Input data START
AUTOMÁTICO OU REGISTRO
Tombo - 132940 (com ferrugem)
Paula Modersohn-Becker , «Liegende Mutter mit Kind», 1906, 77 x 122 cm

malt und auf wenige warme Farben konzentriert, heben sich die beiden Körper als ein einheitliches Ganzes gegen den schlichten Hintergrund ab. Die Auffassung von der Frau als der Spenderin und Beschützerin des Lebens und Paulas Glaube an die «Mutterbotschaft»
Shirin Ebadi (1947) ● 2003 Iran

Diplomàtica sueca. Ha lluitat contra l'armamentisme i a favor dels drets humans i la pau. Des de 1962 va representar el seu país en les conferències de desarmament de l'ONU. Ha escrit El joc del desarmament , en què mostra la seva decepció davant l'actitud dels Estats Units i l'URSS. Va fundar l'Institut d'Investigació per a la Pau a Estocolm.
Input data END
Input data START
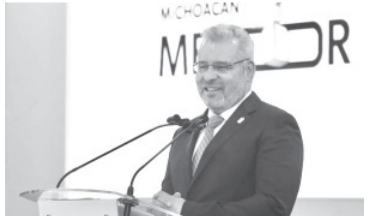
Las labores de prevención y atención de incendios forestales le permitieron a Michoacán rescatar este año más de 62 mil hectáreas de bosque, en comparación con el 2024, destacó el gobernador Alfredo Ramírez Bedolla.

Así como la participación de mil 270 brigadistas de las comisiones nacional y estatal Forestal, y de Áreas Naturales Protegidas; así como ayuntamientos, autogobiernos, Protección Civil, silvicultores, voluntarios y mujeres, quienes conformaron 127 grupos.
Input data END
Extract the lines of the preceding material that run from the line with "AUTOMÁTICO OU REGISTRO" through the line with "Diplomàtica sueca. Ha", inclusive, reproducing them exactly and adding nothing.

- [Result of this task]:
AUTOMÁTICO OU REGISTRO
Tombo - 132940 (com ferrugem)
Paula Modersohn-Becker , «Liegende Mutter mit Kind», 1906, 77 x 122 cm

malt und auf wenige warme Farben konzentriert, heben sich die beiden Körper als ein einheitliches Ganzes gegen den schlichten Hintergrund ab. Die Auffassung von der Frau als der Spenderin und Beschützerin des Lebens und Paulas Glaube an die «Mutterbotschaft»
Shirin Ebadi (1947) ● 2003 Iran

Diplomàtica sueca. Ha lluitat contra l'armamentisme i a favor dels drets humans i la pau. Des de 1962 va representar el seu país en les conferències de desarmament de l'ONU. Ha escrit El joc del desarmament , en què mostra la seva decepció davant l'actitud dels Estats Units i l'URSS. Va fundar l'Institut d'Investigació per a la Pau a Estocolm.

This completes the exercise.